Double-murder preliminary inquest begins
Security was high in a Kamloops courtroom on Monday, Jan. 9, as the preliminary inquiry of a man accused in a 2009 double-murder began.
Three sheriffs — one in the prisoner’s box, one just outside it and another in the gallery — stood guard in Courtroom 3B at the Kamloops Law Courts for the start of Roy Frederick Fraser’s two-week hearing.
The 54-year-old is facing one count of first-degree murder and one count of second-degree murder in connection to the deaths of Kenneth Yaretz and Damien Marks.
The bodies of Yaretz, 24, and Marks, 31, were discovered in May 2009 in a shallow grave on a Knouff Lake property owned by Fraser.
Fraser turned himself in to police in Burnaby on October 25, 2010, less than 12 hours after Kamloops Mounties held a press conference announcing they had obtained a Canada-wide warrant for his arrest in connection with the murders.
At the press conference, Mounties described the investigation as “painstaking” and said DNA played a large part in securing charges.
During the course of the investigation, Kamloops RCMP received help from a forensic botanist and a forensic knot-tying expert.
Yaretz and Marks, who were close friends and roommates, disappeared in mid-April of 2009 while apparently moving into a four-plex in Brocklehurst.
Yaretz had a criminal history, including a conviction for trafficking in a controlled substance in 2007, for which he was sentenced to nine months in jail.
He is also alleged to have been an associate of Jayme Russell, who Mounties at one time identified as the local leader of the Independent Soldiers street gang.
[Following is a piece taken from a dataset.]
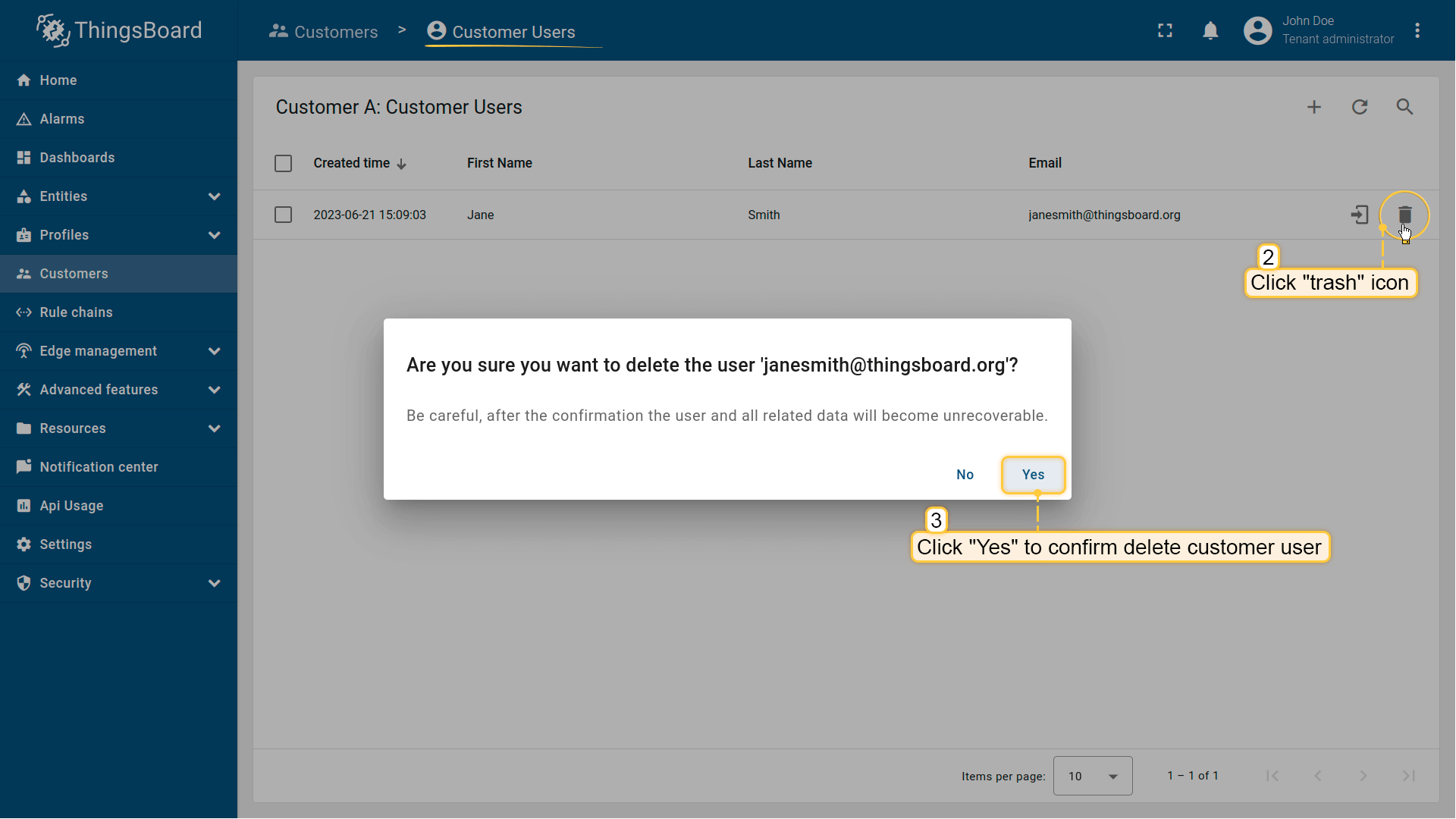 Also, you can delete any customer user from the customer. The steps are the same as when deleting a customer.

Russell is now serving a federal jail sentence.
After Marks and Yaretz went missing, Robert Marks — Damien’s father — said he believed his son was “in the wrong place at the wrong time.”
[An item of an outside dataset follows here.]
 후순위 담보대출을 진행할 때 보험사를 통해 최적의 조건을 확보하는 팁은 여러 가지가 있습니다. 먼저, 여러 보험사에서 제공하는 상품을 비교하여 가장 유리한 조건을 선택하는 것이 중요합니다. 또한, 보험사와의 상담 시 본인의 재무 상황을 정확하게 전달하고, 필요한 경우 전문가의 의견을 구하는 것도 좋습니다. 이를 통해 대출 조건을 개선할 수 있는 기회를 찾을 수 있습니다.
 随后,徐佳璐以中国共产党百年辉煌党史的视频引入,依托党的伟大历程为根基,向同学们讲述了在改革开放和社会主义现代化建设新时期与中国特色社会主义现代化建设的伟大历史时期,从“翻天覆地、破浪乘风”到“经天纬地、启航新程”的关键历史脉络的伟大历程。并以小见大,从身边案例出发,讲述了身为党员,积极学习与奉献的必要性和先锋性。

The elder Marks was the first witness called as the preliminary inquiry got underway.
During a court appearance in March 2011, Fraser pleaded not guilty to the murder charges and elected trial by judge and jury in B.C. Supreme Court.
A preliminary inquiry is a hearing after which a provincial court judge decides whether there is enough evidence for a matter to proceed to trial.
Evidence presented at the hearing is bound by a court-ordered publication ban.